The California Natural Resources agency released a Voluntary Agreement framework on Monday, March 29, 2022. The framework has been hailed as a “peace” agreement.

Reading the Memorandum of Understanding, I find Hisham Ziuaddeen’s synthesis of how power operates across hierarchies of caste, gender, sexuality, ableness and class to be profoundly relevant. Ziuaddeen observed that power determines:

    • who determines the frame of reference
    • who is entitled to respect and deference
    • who has episemological and moral authority
    • who is entitled to labour, bodies, and space
    • who is entitled to hold and wield power

These observations also explain how power operates in the Voluntary Agreement framework.  The VA framework excludes environmental, fishing, tribal, and Delta stakeholders from the collaboration space, and also from having any real input into operational decisions. This institutionalizes a power structure that has been profoundly dysfunctional in the past.

The Delta Reform Act encoded into state law that “[t]he longstanding constitutional principle of reasonable use and the public trust doctrine shall be the foundation of state water management policy and are particularly important and applicable to the Delta.” (Water Code section 85023.)

In my experience working with environmental, fishing, tribal, and Delta stakeholders, they have had to fight way too hard to have the public trust even considered in agency processes. And they shouldn’t be having to fight so hard. They shouldn’t be marginalized. Agency processes need to include them. They need to be at the table, and if their viewpoint is that the public trust isn’t being respected, it needs to be listened to.

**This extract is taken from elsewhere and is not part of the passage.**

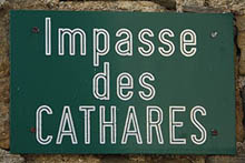 This is a road sign in Pieusse, Aude road sign in Minerve Tourist branding in the Aude Catharism is often said to have been completely eradicated by the end of the fourteenth century. Yet there are more than a few vestiges even today, apart from the enduring memory of Cathar “martyrdom” and the ruins of the famous “Cathar castles”, including the Château of Montségur ( The Name in Occitan. Click here to find out more about occitan. Montsegùr). There are even Cathars alive today, or at least people claiming to be modern Cathars. There is a flourishing, if largely superficial, Cathar tourist industry in the Languedoc, and especially in the Aude département. As we see the eight-hundredth anniversary of important events, more and more memorials are springing up on the sites of massacres. There is also an increasing community of historians and other academics engaged in serious Cathar studies. Interestingly, to date, the deeper scholars have dug, the more they have vindicated Cathar claims to represent a survival of the Earliest Christian Church.
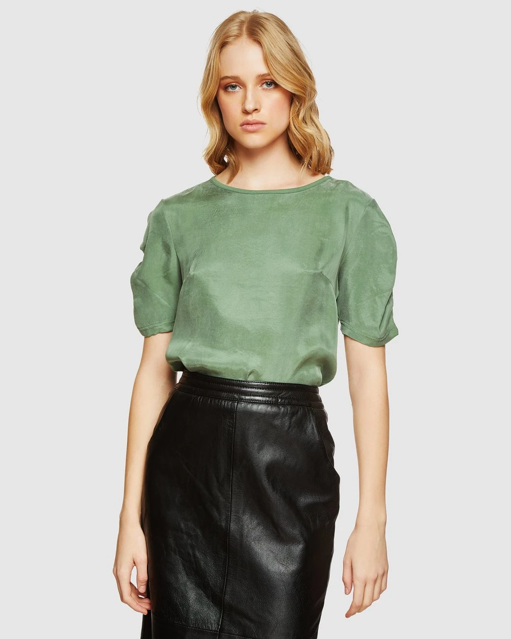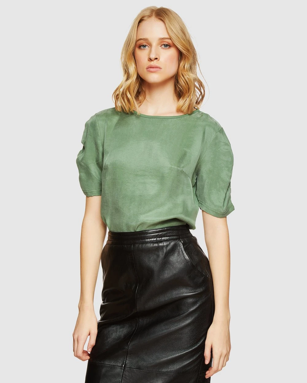 – Ruched sleeves

A true “peace” agreement on operations of the State Water Project and Central Valley Project would be based on principles of fairness, balance and equity. The MOU fundamentally fails in this respect.

Further reading

Des Jardins, D. 2022. On the framework of power in California water – comments to the Delta Stewardship Council. California Water Research blog. March 20, 2022.

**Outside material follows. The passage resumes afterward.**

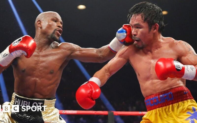 Mayweather won after 12 rounds by unanimous decision, but Pacquiao said he suffered a shoulder injury and told the BBC in 2018 that he “cannot retire with peace of mind after that defeat.”

Des Jardins, D. 2019a. Voluntary Agreements on Delta flows have no real backstop. California Water Research blog. September 30, 2019.

Des Jardins, D. 2019b. The fate of the last Voluntary Agreements to restore the Bay-Delta. California Water Research blog. September 23, 2019.

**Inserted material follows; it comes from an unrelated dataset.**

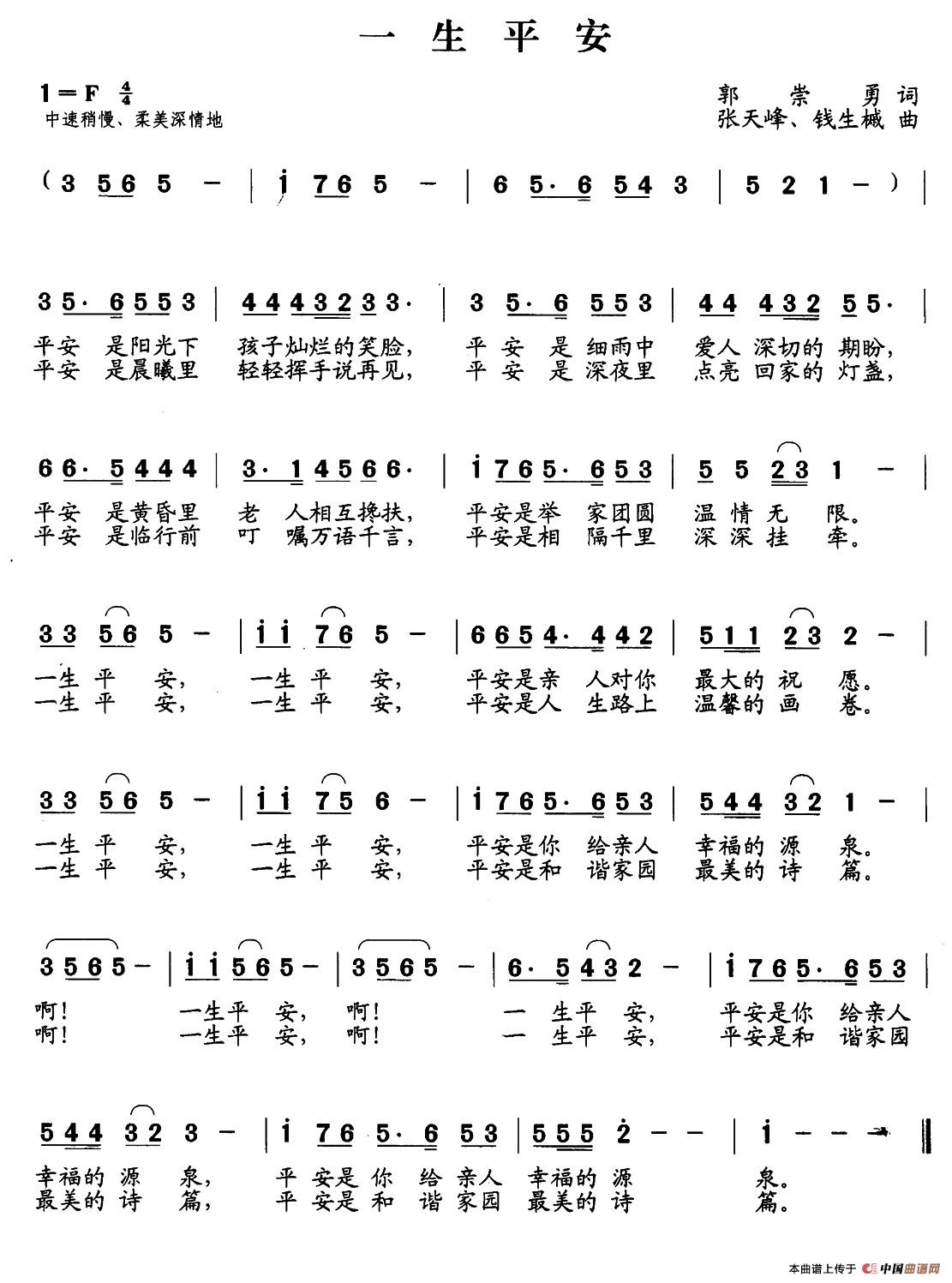 一生平安(郭崇勇词 张天峰 钱生械曲)

California Natural Resources Agency. State, Federal Agencies Announce Agreement with Local Water Suppliers to Improve the Health of Rivers and Landscapes: MOU a Key Step in Years-Long Effort to Help Recover Salmon While Protecting Water Reliability. Maven’s Notebook, press release. March 29, 2022.

Le Heron E., Logie, J., Allen, W., Le Heron, R., Blackett, P., Davies, K.,  Greenaway, A., Glavovic, B., Hikuroa, B. 2019. Diversity, contestation, participation in Aotearoa New Zealand‘s multi-use/user marine spaces.  Marine Policy 106.

Pierson, R. 1994. The Epistemic Authority of Expertise. PSA: Proceedings of the Biennial Meeting of the Philosophy of Science Association. 1:398–405.

Sabalow, R., Kasler, D. 2022. Gov. Newsom outlines a peace agreement on California water. Will the fighting finally end? Sacramento Bee, March 30, 2022.

Ziauddeen, H. 2020. Power and discrimination: how power operates in societies & systems across the hierarchies of caste, gender, sexuality, ableness and class. Twitter thread synthesizing writings of Kate Manne, Ijeoma Oluo, Angela Saini, and Isabel Wilkerson. October 21, 2020.

One thought on “Voluntary Agreement framework consolidates power and inequities in California water

  1. Assuming these “voluntary agrerments” may have some adverse effect on salmon, navigable waters or fishable waters on state-owned land or formerly state-owned land transferred after 1910, then it seems they may adversely affect a public trust intetest, and so prior to the decision being made the california public agencies involved must consider the effect of entering into the agreement on these public trust interests; and avoid adversely affect those interests so far as feasible to the extent feasible. Further provide this consideration in a public coherent process facilitating public participation. The continued absence of transparency, is worrisome – particularly for those of us who lived in the flood shadow of Oroville Dam in February 2017. As I temember, we were promised transparency after that, and did not get it.